Ukraine's Defenses to Russian Bond Claims Rejected
The judge hearing Russia's lawsuit to enforce its $3 billion loan to Ukraine issued an opinion today, rejecting Ukraine's defenses to the lawsuit. Bloomberg and the Financial Times both have coverage of the decision. We've discussed the loan quite a bit here on Credit Slips, and also Ukraine's defenses to enforcement (e.g., here, and here, and here). The lawsuit is fascinating, in part because Ukraine's defenses ask the judge to use traditional contract law doctrines to police what is clearly an international dispute between sovereigns who have been engaged in armed conflict. As I have explained in more detail elsewhere, Ukraine's contract-law arguments were actually quite plausible, though by no means a sure thing. Among others, the defenses included duress (always a bit of a stretch, in my view), lack of capacity, and what would typically be called prevention and impracticability under U.S. law (characterized as implied terms of the contract by Ukraine).

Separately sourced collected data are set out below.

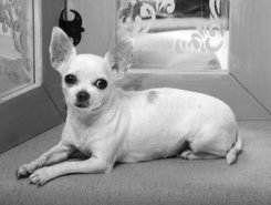 Tiny loved Kraft Dinner and would follow Larry to the pillow house. |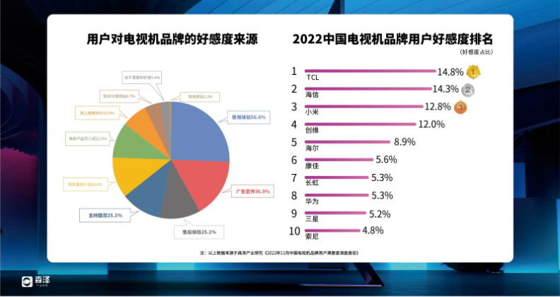 排名前五的品牌依次為:TCL、海信、小米、創(chuàng)維、海爾,其中14.8%的用戶表示對TCL好感度最高,在用戶好感度排名中位列第一,之后依次是海信14.3%、小米12.8%、創(chuàng)維12.0%、海爾8.9%等等。前三大品牌的好感度來源主要集中在自身對該品牌產(chǎn)品的使用體驗(yàn)、品牌的廣告宣傳,以及良好的購買售后體驗(yàn)等。
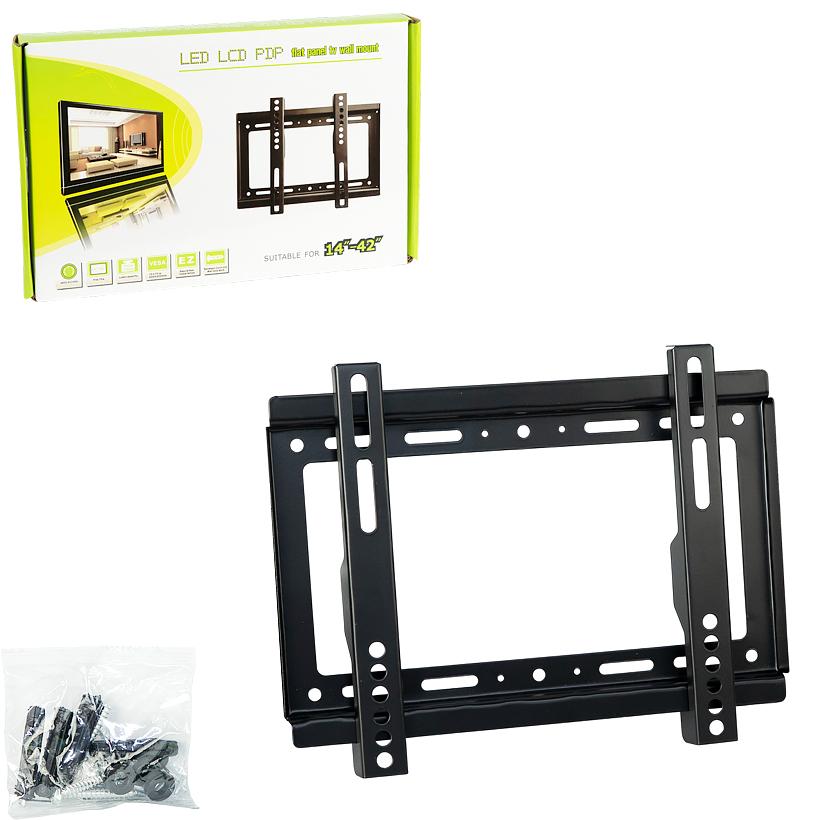 Настенный кронштейн для телевизора LED / LCD / PDP предназначен для экранов диагональю 14–42 дюйма с максимальной нагрузкой до 25 кг. Поддерживает стандарт VESA 75×75, 100×100 и 200×200 мм, что обеспечивает совместимость с большинством современных телевизоров. Прочная металлическая конструкция гарантирует надёжную фиксацию и устойчивость. Кронштейн устанавливается близко к стене, экономя пространство и обеспечивая аккуратный внешний вид. Подходит для дома, офиса и коммерческих помещений.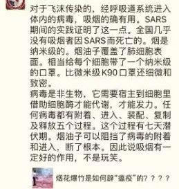 这是一条非典时期就开始流行的谣言,事实上,吸烟不仅不能预防病毒感染,还会降低身体抵抗力;吸烟时,手反复触碰口鼻,病毒反而可能因此进入身体;吸烟时不能带口罩,会因此降低对自己的保护。 谣言2:“室内煮醋能杀灭细菌”wUm免费翻墙网
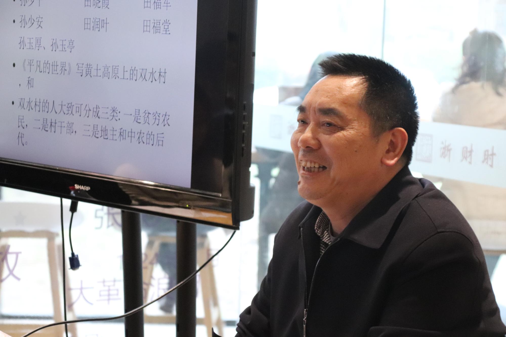 其次,赵老师谈及乡土文学,因为《平凡的世界》是一本乡土气息浓厚的小说。赵老师特地辨析了乡土文明和农业文明。这两种文明其中的生产方式虽有一定重合,但乡土文明还涉及到人与自然、人与人之间的关系。乡土文明的价值远远大于农业文明,尽管我们现在城市化已超60%,但乡土文明的价值与文化仍然存在。结合同学们的提问,赵老师举例明晰了当代的乡土文明。社会的变化会令一些事物改变,但当我们看到杨柳,我们会立即联想到依依惜别之意,这其中根植的文化,便是我们中国人意味独特的乡土。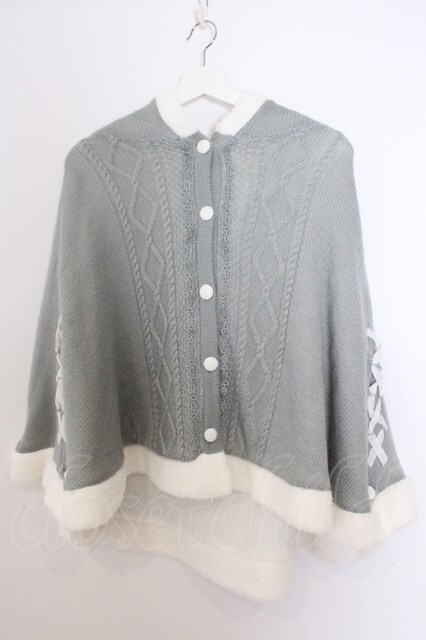 axes femme / 編み上げ裏ボアニットポンチョ グリーン O-26-02-18-060-AX-CO-OW-OS
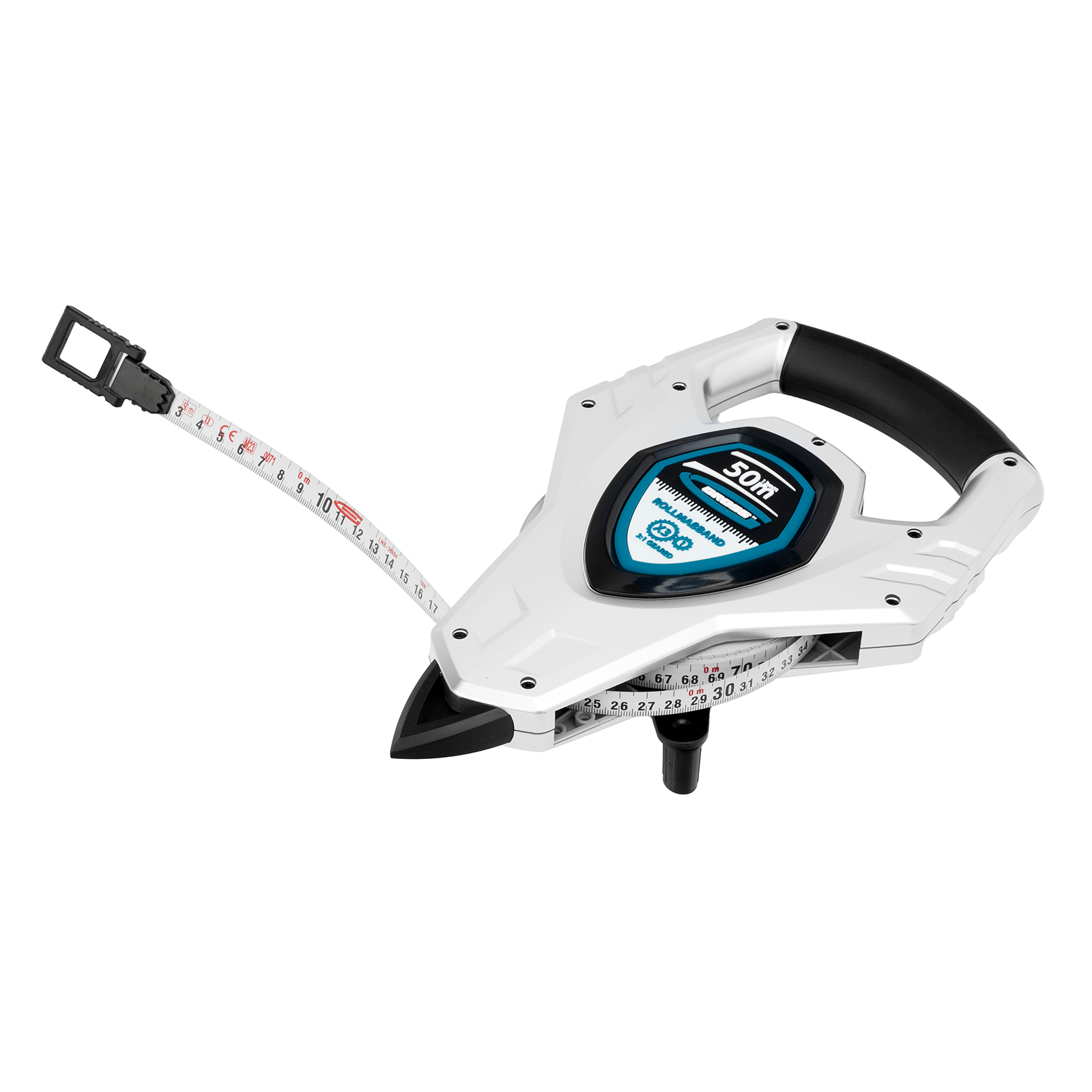 - Быстрая смотка ленты — благодаря коэффициенту оборотов возвратного механизма 1:3 полотно сматывается втрое быстрее, чем на рулетках с обычным механизмом.

In a lengthy opinion, the judge rejected these defenses. The problem with the duress defense, as I mentioned in an earlier post, is that it asked the court to "take sides in a dispute over whether Russia has acted wrongfully, say by breaching international law." The court refused to do that: "The threats of the use of force by Russia in 2013 ... fall within the foreign act of state doctrine. They concern threats, and ultimately aggression by a state and armed conflict between states.... These acts are non-justiciable, and ... cannot give rise to a defence of duress in English law."
One of the benefits of Ukraine's prevention and impracticability arguments is that they could be couched in slightly less politically-charged terms. And in fact, the court's reached the merits of the defenses, going so far as to concede that Ukraine could "powerfully contend that military action by Russia in Crimea and eastern Ukraine has the economic effect of severely impeding the state's ability to meet its obligations" under the loan. But, the court ruled, because the loan was structured as a tradable bond, rather than a direct loan, the defenses were unavailable. Potential transferees, the court explained, would have to base the decision to buy the bonds on the express terms of the contract, not on implied promises not present in the text itself. Fair enough, I suppose, though that seems a bit of a non-sequitur. The need to protect the transferability of the bonds is an argument for not allowing Ukraine to escape its obligations to (innocent) transferees. But here, there was no transfer. So it remains a bit of a puzzle why a bondholder who affirmatively destroys the issuer's capacity to repay can nevertheless insist on repayment.